See more about the metadata concepts applied in the FAIR Data and the Added Value of Rich Metadata chatper of the Automated Observatory Contributors’ Handbook.

print(small_population_datacite)
#> DataCite information for Population of Small European Countries 
#> # A tibble: 20 x 2
#>    Property        Value                                                        
#>    <chr>           <chr>                                                        
#>  1 dataset_code    "small_population_total"                                     
#>  2 Identifier      "small_population_total"                                     
#>  3 Creator         "Joe, Doe"                                                   
#>  4 Title           "Population of Small European Countries"                     
#>  5 Publisher       "Reprex"                                                     
#>  6 PublicationYear "2021"                                                       
#>  7 ResourceType    "Dataset"                                                    
#>  8 Subject         "Demography"                                                 
#>  9 Contributor      <NA>                                                        
#> 10 Date            "{\"Updated\":[\"2021-07-04\"],\"EarliestObservation\":[\"20~
#> 11 Language        "eng"                                                        
#> 12 RelatedIdentif~  <NA>                                                        
#> 13 Size            "1576 bytes in CSV format"                                   
#> 14 Format           <NA>                                                        
#> 15 Version          <NA>                                                        
#> 16 Rights          "{\"rightsIdentifier\":[\"CC-BY-NC-SA-4.0\"],\"rightsURI\":[~
#> 17 Description      <NA>                                                        
#> 18 GeoLocation     "{\"geoLocationPlace\":[null],\"geoCodes\":[\"LI|AD|SM\"]}"  
#> 19 FundingReferen~  <NA>                                                        
#> 20 RelatedItem      <NA>

Administrative Metadata

The statistical processing information can be added with the not fully implemented codebook class.
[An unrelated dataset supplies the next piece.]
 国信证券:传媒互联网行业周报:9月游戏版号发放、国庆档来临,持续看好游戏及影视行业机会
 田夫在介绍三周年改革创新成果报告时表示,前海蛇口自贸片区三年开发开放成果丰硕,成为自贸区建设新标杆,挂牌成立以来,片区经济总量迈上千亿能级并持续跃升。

Read the The codebook Class vignette article.

The codebook S3 class (not yet fully documented and does not have yet and independent constructor) records the statistical processing metadata of a dataset.

It contains a full codebook following SDMX statistical metadata codelist standards, furthermore, it records the Session Information of all processing steps, and adds to the descriptive metadata the R packages or software code that generated the results.

For example, the annual observations follow the SDMX Code List for Frequency 2.1 (CL_FREQ)) definition, and they can be translated to the ISO 8106 time metadata standard, too.

add_frequency("A", "list")
#> $id
#> [1] "A"
#> 
#> $name
#> [1] "Annual"
#> 
#> $description
#> [1] "To be used for data collected or disseminated every year"
#> 
#> $iso8106
#> [1] "P1Y"
#> 
#> $RelatedItem
#> [1] "{\"RelatedItem\":[\"SDMX Code List for Frequency\"],\"relatedItemType\":[\"Dataset\"],\"relationType\":[\"IsDocumentedBy\"],\"relatedItemIdentifier\":[\"{\\\"id\\\":[\\\" CL_FREQ\\\"],\\\"dataset_code\\\":{},\\\"URI\\\":[\\\"https://sdmx.org/?page_id=3215/\\\"],\\\"DOI\\\":{},\\\"Version\\\":[\\\"2.1\\\"],\\\"idAtSource\\\":{},\\\"Other\\\":{}}\"]}"
add_sessioninfo()
#> [1] "{\"platform\":[\"x86_64-w64-mingw32/x64 (64-bit)\"],\"locale\":[\"LC_COLLATE=English_United States.1252;LC_CTYPE=English_United States.1252;LC_MONETARY=English_United States.1252;LC_NUMERIC=C;LC_TIME=English_United States.1252\"],\"running\":[\"Windows 10 x64 (build 17763)\"],\"RNGkind\":[\"Mersenne-Twister\",\"Inversion\",\"Rejection\"],\"basePkgs\":[\"stats\",\"graphics\",\"grDevices\",\"utils\",\"datasets\",\"methods\",\"base\"],\"matprod\":[\"default\"],\"BLAS\":[\"\"],\"LAPACK\":[\"\"],\"system.codepage\":[\"1250\"],\"codepage\":[\"1252\"]}"

Contributor Code of Conduct

Please note that the dataobservatory project is released with a Contributor Code of Conduct. By contributing to this project, you agree to abide by its terms.